[Items listed in a dataset]
^^^^^^^^^^^^^^^^

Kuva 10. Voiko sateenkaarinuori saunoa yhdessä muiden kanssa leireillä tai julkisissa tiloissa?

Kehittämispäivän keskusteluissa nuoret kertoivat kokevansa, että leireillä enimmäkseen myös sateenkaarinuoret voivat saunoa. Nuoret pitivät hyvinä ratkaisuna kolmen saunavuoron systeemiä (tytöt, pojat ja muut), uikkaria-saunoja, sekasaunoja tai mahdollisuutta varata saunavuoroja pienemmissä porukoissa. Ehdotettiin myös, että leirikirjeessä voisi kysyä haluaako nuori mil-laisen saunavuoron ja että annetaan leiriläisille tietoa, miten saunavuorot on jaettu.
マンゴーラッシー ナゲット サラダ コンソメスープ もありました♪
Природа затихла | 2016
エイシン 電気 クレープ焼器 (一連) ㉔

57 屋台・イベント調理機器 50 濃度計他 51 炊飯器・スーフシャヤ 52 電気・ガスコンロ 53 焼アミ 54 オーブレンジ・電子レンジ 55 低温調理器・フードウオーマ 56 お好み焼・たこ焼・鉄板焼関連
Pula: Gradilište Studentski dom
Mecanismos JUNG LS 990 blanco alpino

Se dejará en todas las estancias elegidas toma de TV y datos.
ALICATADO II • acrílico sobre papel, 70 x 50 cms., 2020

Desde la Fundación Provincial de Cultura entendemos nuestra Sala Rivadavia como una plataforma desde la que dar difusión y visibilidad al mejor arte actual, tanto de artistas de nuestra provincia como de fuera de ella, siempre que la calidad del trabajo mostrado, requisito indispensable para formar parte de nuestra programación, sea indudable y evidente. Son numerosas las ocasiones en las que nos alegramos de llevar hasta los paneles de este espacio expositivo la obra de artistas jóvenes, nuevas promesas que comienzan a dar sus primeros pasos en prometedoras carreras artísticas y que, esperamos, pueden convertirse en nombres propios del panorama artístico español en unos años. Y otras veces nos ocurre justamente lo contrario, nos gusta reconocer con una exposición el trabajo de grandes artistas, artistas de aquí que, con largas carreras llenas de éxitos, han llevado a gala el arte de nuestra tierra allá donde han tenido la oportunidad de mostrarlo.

^^^^^^^^^^^^^^^^

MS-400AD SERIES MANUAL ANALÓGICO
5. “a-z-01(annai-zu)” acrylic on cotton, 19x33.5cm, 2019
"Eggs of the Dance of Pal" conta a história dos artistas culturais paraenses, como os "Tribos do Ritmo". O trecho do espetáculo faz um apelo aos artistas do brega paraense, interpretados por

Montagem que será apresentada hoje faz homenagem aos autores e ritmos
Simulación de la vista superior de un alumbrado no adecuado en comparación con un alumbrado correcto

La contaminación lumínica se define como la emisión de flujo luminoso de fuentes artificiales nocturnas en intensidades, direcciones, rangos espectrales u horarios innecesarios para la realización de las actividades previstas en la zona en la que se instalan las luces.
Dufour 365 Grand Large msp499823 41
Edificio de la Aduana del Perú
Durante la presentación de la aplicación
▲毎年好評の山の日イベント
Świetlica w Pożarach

^^^^^^^^^^^^^^^^

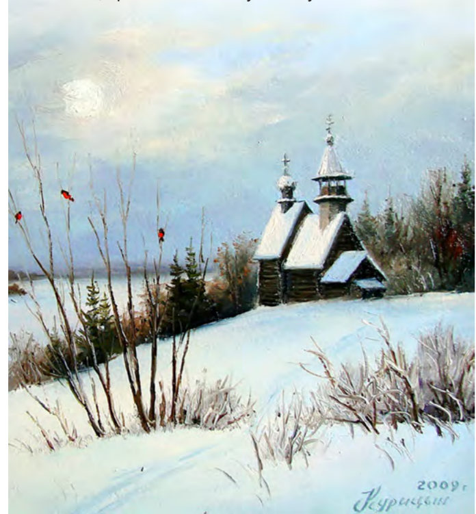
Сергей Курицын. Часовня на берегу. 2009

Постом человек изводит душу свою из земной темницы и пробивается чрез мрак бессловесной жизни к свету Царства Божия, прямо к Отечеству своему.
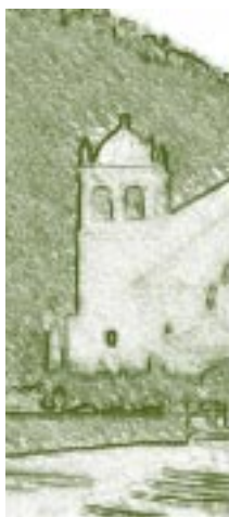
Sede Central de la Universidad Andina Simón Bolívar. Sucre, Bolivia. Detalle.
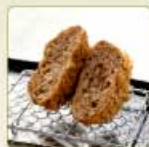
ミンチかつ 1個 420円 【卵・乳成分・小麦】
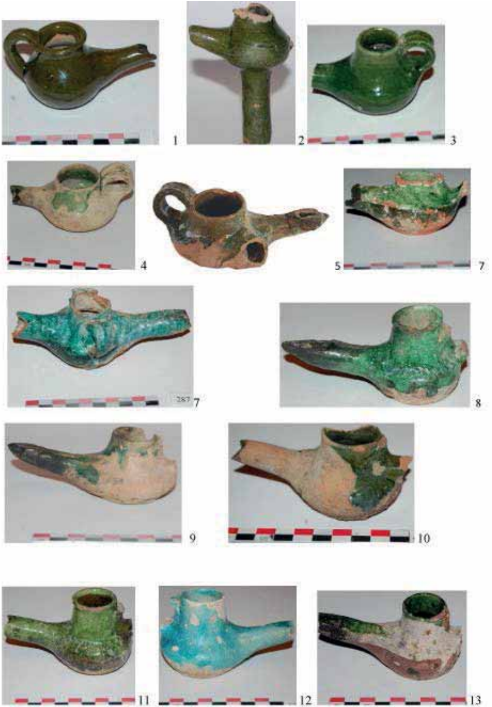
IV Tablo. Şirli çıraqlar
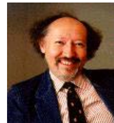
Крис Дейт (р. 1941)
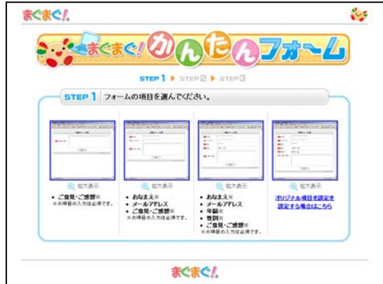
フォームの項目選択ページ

^^^^^^^^^^^^^^^^

Both the line containing "cotton, 19x33.5cm, 2019" and the line containing "Świetlica w Pożarach" belong in the answer. Print them and every line above that falls between them exactly, and no others.

[Completed task]
5. “a-z-01(annai-zu)” acrylic on cotton, 19x33.5cm, 2019
"Eggs of the Dance of Pal" conta a história dos artistas culturais paraenses, como os "Tribos do Ritmo". O trecho do espetáculo faz um apelo aos artistas do brega paraense, interpretados por

Montagem que será apresentada hoje faz homenagem aos autores e ritmos
Simulación de la vista superior de un alumbrado no adecuado en comparación con un alumbrado correcto

La contaminación lumínica se define como la emisión de flujo luminoso de fuentes artificiales nocturnas en intensidades, direcciones, rangos espectrales u horarios innecesarios para la realización de las actividades previstas en la zona en la que se instalan las luces.
Dufour 365 Grand Large msp499823 41
Edificio de la Aduana del Perú
Durante la presentación de la aplicación
▲毎年好評の山の日イベント
Świetlica w Pożarach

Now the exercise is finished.